Work request
Copy the lines below exactly. No picture goes into the copy.

Exercise data

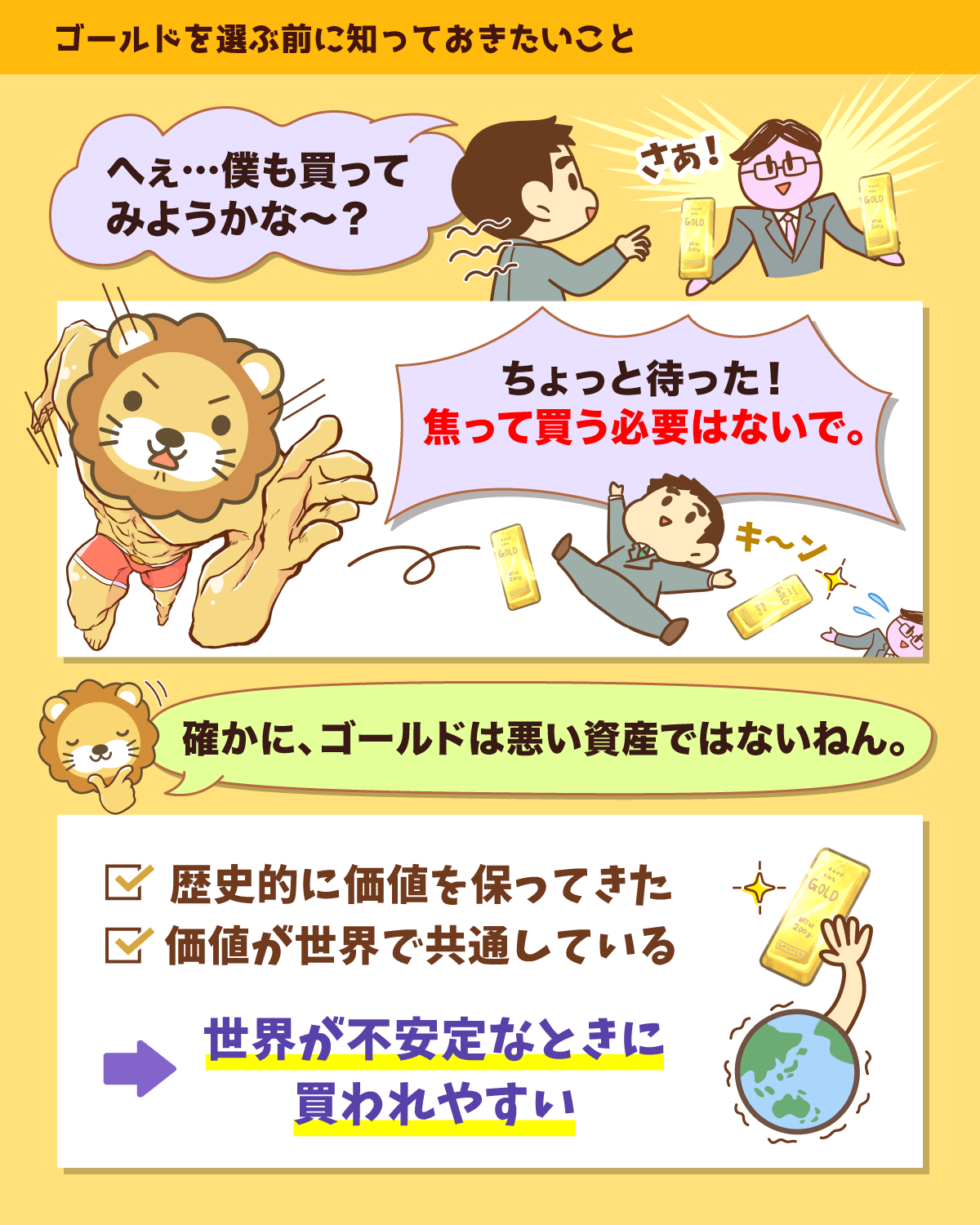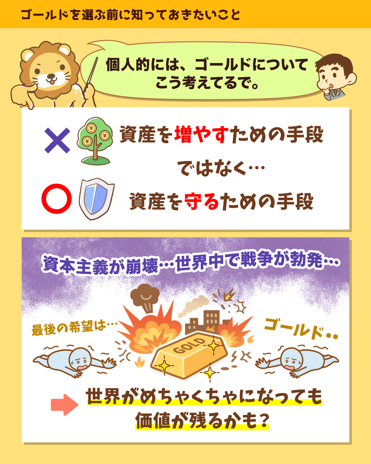 ゴールドは資産を増やすためのアセットではなく、資産を守るためのアセットです。
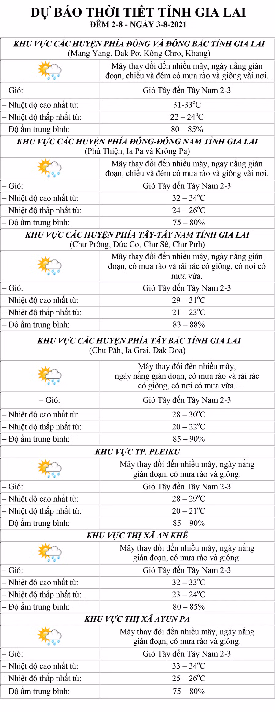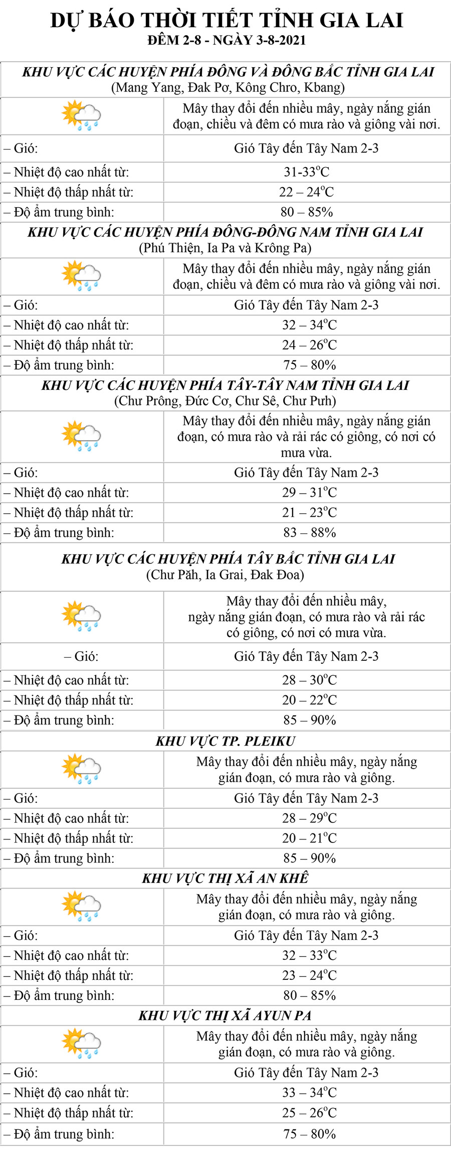 (GLO)- Dự báo thời tiết tỉnh Gia Lai đêm 2-8 và ngày 3-8 tại khu vực: các huyện phía Đông và Đông Bắc, các huyện phía Đông-Đông Nam, các huyện phía Tây-Tây Nam, các huyện phía Tây Bắc, TP. Pleiku, thị xã An Khê và thị xã Ayun Pa.
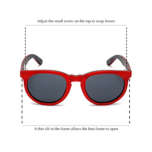 A small screw on the top of the frame allows you to open it up and swap in your own lenses. There is a thin horizontal slit on the outside of the frame near the lens that allows the frame to open up. Swap in prescription lenses or hit us up for more lens colors, it's up to you!

Task solution
 ゴールドは資産を増やすためのアセットではなく、資産を守るためのアセットです。
 (GLO)- Dự báo thời tiết tỉnh Gia Lai đêm 2-8 và ngày 3-8 tại khu vực: các huyện phía Đông và Đông Bắc, các huyện phía Đông-Đông Nam, các huyện phía Tây-Tây Nam, các huyện phía Tây Bắc, TP. Pleiku, thị xã An Khê và thị xã Ayun Pa.
 A small screw on the top of the frame allows you to open it up and swap in your own lenses. There is a thin horizontal slit on the outside of the frame near the lens that allows the frame to open up. Swap in prescription lenses or hit us up for more lens colors, it's up to you!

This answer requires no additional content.